■ THE INPUT
'''

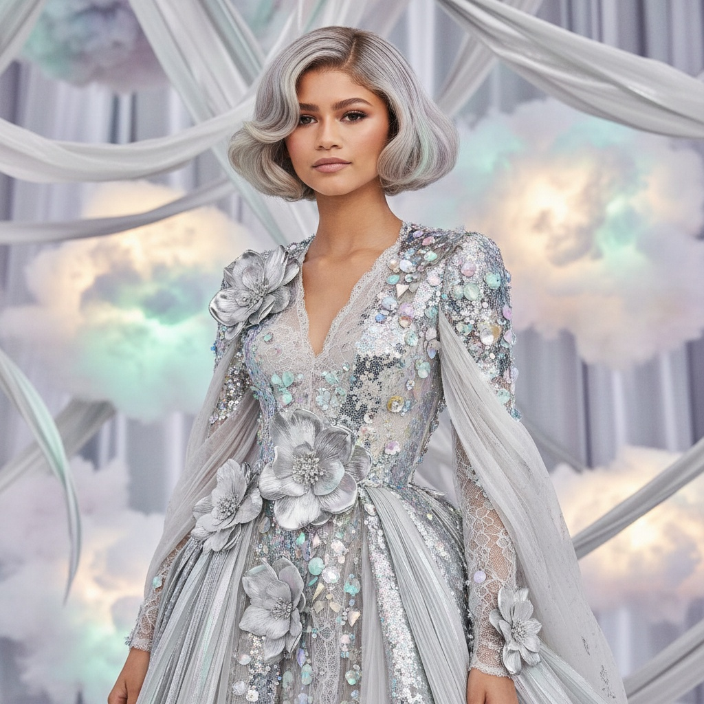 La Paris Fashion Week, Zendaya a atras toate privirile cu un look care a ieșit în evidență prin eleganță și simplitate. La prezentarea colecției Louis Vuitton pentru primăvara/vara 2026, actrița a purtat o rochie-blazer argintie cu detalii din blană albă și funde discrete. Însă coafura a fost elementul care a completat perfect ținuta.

'''
'''

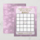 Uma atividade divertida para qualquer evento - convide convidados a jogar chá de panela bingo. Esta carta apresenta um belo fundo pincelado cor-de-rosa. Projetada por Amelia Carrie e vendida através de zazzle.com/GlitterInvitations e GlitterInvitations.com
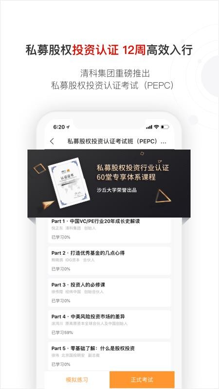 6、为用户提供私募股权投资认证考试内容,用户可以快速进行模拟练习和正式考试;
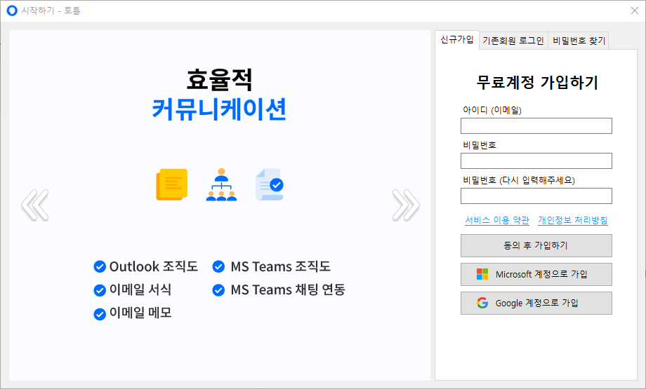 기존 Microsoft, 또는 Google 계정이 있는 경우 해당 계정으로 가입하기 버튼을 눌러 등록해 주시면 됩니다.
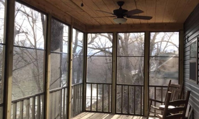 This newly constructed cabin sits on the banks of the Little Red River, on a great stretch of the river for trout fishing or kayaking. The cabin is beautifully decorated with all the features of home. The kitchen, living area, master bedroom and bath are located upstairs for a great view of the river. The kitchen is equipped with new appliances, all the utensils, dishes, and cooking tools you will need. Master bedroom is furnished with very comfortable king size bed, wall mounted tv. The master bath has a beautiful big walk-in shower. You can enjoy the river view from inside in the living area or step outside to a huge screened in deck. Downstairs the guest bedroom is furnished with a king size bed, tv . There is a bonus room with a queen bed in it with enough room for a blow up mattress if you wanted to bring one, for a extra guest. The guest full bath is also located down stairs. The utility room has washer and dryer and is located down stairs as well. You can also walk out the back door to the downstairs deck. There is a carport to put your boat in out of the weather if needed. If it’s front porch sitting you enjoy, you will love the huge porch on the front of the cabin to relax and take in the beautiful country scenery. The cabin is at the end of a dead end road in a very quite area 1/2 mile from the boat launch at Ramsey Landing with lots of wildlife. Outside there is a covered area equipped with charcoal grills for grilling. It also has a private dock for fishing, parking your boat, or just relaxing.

'''

■ PROBLEM DETAILS
Your output should be the lines above from the one that contains "6、为用户提供私募股权投资认证考试内容,用户可以快速进行模拟练习和正式考试;" through the one that contains "기존 Microsoft, 또는", word for word, with pictures left out.

■ SOLUTION
 6、为用户提供私募股权投资认证考试内容,用户可以快速进行模拟练习和正式考试;
 기존 Microsoft, 또는 Google 계정이 있는 경우 해당 계정으로 가입하기 버튼을 눌러 등록해 주시면 됩니다.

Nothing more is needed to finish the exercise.